俺はやめてくれとは言えなかった。彼女は金を受け取ったし、仕事をしているのだ。

ドスッ! ドスッ!

一撃一撃にナナの体がビクンと反応し、足を上げる。

「ふー、お前は腹筋が強いな、鍛えられていい感じの殴りごたえに最近なって来たぞ」

怖いお兄さんは満足したようにグローブを外した。

「ほら兄ちゃん手ぇかせ」

「え?」

俺の手が引っ張られて、その場に蹲るナナの口の前へ持ってこられる。

「ほら、ナナ、この兄ちゃんにマウスピースやれや」

「うぼへっ!」

 

俺の手の上に大量の唾液と純白のマウスピースが吐き出された。

「どうだ兄ちゃん、おみやげだ。

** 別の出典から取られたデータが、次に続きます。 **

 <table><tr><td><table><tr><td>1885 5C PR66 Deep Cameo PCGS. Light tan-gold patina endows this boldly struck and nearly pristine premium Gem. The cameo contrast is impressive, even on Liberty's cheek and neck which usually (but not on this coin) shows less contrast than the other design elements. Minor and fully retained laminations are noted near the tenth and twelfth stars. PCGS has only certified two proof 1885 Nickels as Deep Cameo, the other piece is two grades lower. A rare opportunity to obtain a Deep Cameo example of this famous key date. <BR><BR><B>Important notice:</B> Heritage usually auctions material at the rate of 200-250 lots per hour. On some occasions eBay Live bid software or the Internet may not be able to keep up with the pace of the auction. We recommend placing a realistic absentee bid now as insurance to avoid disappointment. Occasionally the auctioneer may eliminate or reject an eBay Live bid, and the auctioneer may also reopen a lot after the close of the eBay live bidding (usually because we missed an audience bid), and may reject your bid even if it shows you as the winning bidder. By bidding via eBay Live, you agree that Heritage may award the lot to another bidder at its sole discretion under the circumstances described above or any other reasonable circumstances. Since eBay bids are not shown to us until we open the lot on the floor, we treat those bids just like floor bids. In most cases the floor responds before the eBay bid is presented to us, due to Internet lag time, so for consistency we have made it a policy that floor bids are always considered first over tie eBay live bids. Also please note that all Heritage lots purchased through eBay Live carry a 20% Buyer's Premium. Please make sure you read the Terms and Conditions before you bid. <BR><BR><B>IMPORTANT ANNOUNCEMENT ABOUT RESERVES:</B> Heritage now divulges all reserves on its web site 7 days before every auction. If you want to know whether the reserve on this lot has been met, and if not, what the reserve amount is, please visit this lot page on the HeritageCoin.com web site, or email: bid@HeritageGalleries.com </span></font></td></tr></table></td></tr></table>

ラッキーだな」

「は、はい」

俺は戸惑うばかりだ。

「今日は何人客とった?」怖いお兄さんはナナに言う。

「さんにん……」

消えそうな声。

「ほら兄ちゃん、三人分のサンドバッグになった唾液が染み付いとる。レアじゃないか」

俺はその言葉に情けなくも勃起しそうになった。

 

 

家にどう帰ったかは覚えていない。時間だけが過ぎていた。

これも本当に情けないが、その時間を得て唾液臭くなったマウスピースでオナニーをした。

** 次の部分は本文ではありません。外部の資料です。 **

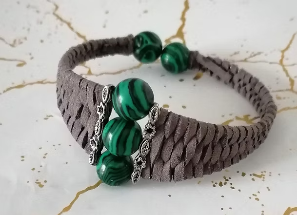 Bracelet Large En Suédine Grise et Pierres Malachites
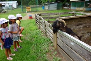 ダチョウ園ということで・・・。外には2羽のダチョウがいました。子どもたちは、「くびがながい~!!」「水ののみかたがすご~い!!」と大喜び。
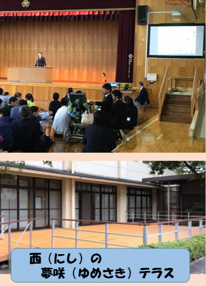 そのあと,生徒会が名前を募集していた,京都桂川ロータリークラブ様から寄付していただいたウッドデッキの名前の発表があり,名前を応募した生徒が,なぜその名前にしたのかを発表しました。ウッドデッキの名前は『西(にし)の夢咲(ゆめさき)テラス』です。

これ程無いというほどに射精をしてしまった。ナナの顔を思い浮かべながら。

そして割れたアザだらけの腹筋にパンチがめり込むのを想像しながら……。

両手とマウスピースにぶちまけられた精子を拭き取ると暖をとりながら物思いにふけっていた。

自分の気持ちをゆっくり整理する事にした。

 

 

私は今日も凍った氷の上に立つ。

シンデレラコンプレックス。誰かが私をいつか迎えに来てくれる。そんな病気を直す私のこの仕事。

わかってる。白馬の王子様は現れない。

さむいな。

さむいな。

今日も私は殴られるんだ。

男なんて決まって暴力的で王子様のように品なんか無い。

これが私のシンデレラコンプレックスを治す治療。

現実。

 

そんな事を考えていたら昨日のお兄さんが公演に入ってきた。

休みは昨日の木曜日じゃなかったの?

昨日のコート。そのままほうっておいたのを着てきたようにヨレヨレ。

何かを抱えている。差し入れ?たまにもらうけど。キャバ嬢のようにアッサリ受け取って

嬉しーっ! って喜んだふりをしよう。きっと服か何かだろうな。

本物の王子様は花束を抱えて来るはずだもの。

いけない、またシンデレラコンプレックスがひどくなりそう。とりあえず笑顔笑顔。

 俺は仕事を休んだ。上司には風邪だと言っておいたがひどく小言を言われた。

やはりというか、今日も彼女は凍った湖の上に立っている。

その姿はフワフワ降っている雪の中で消えそうで。

愛おしいといったら嘘かな? 昨日出会ったばかりだし。

しかし花屋は雪だという理由でえらい丁寧に包んでくれたな、袋を破らなければ

これが花束なんて気がつかないだろう。

 

目があった。俺はできる限り穏やかな顔をして彼女のもとへ向かう。

薄氷の上に立つ、素敵な女性のもとへ。